Athletes are increasingly concerned about the potential benefits of nutritional supplements. Many people are increasingly more aware of the new studies in nutrition and not doubt the importance of eating high quality protein and biological value as the basis for their daily meals. Thus , protein is the nutritional key that opens the doors of muscle growth .
The proteins are involved in important cellular processes such as the formation of enzymes , hormones , antibodies, contractile tissues (actin , myosin, tropomyosin , etc.), etc. .
Along with carbohydrates and lipids are the immediate principles which provide energy to our diet . Also provide the body elements regenerators plastics body tissues.

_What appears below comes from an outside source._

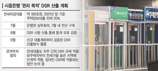 15일 금융권에 따르면 시중은행들은 이달 초부터 관리목적 DSR 산출을 위해 은행권 실무회의를 갖고 운영방안을 마련 중이다. 이르면 이달 전산을 구축하고, 8월에 DSR 시범 산출 방식을 운영한 후에 9월부터는 신규 대출계좌부터 검증된 DSR 방식을 활용할 예정이다. 이는 예·적금담보대출과 같이 소득 증빙이 필수가 아니었던 대출 계좌에 대해서도 DSR 비율을 산출해 '차주들의 정확한 상환능력'을 파악·관리하기 위한 조처다.
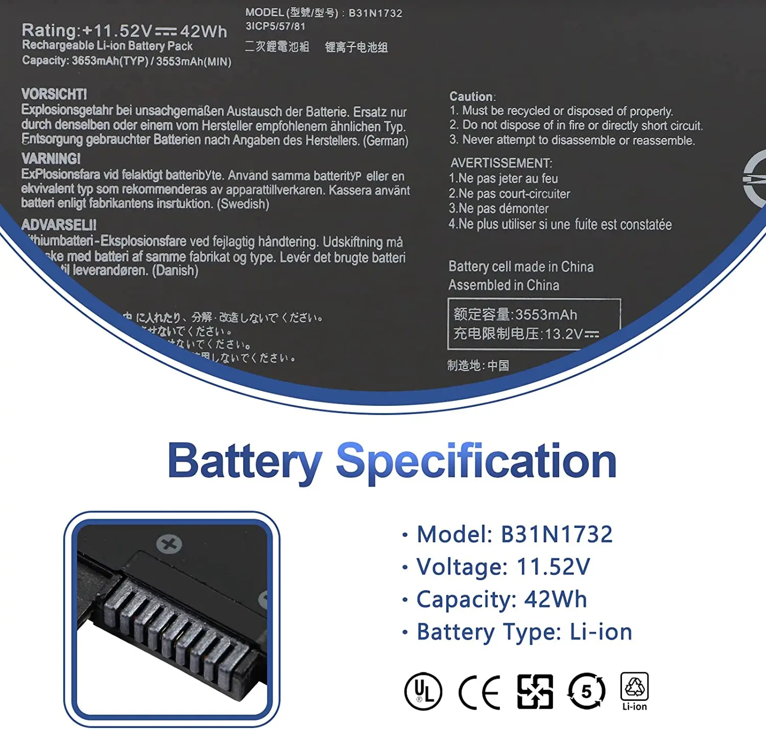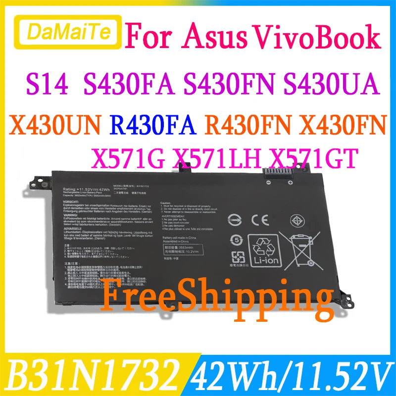 Comprar Batería B31N1732 para portátil Asus VivoBook X430UA, X430UF, X430UN, X430FA, X430FN, X571G, X571LH, X571GT, S14, S430FA, S430FN, S430UA, R430FN

Proteins are macromolecules consisting of nitrogenous basic units called amino acids (joined in long chains ) . These amino acids can be of 2 types :
Essential : are amino acids that the body can not synthesize and must obtain them from the diet. They are:
- Isoleucine .
- Leucine .
- Lysine .
- Metiomina .
- Phenylalanine .
- Threonine .
- Tryptophan .
- Valine .
- Histidine .
Non- essential :
- Alanine .
- Arginine .
- Aspartic acid .
- Asparagine .
- Cysteine .
- Glutamic acid .
- Glycine .
- Proline .
- Serine .
- Tyrosine .
Low levels of the 9 essential amino acids limit protein synthesis in the body, hence the importance of not only the quantity but the quality of the ingested protein. The protein -based animal products like eggs, milk , etc. . provide near optimum mixtures of amino acids . As to the amount below 20 % of total calories ingested intakes athlete maintain a state of muscle catabolism , totally inadequate for the athletic progress situation .
Recommended Daily Allowance (RDA) for protein.
Initially no attention to the nutritional quality lent disparate figures were given. Subsequently international organizations gave figures 1g . per kilogram of body weight specifying which should include proteins of animal and plant origin . Current recommendations vary committees nutritional experts worldwide , according to WHO 0.6 g / day / kg body weight.
The CDR is the RDA to ensure not suffer deficiency diseases and are based on some general statistics and be taken as baseline values. But athletes deviate from the average individual, both physical activity and the effects of exercise physiology has on your metabolism. So many sports dietitians recommend that a figure around 2gr/día/kg body weight.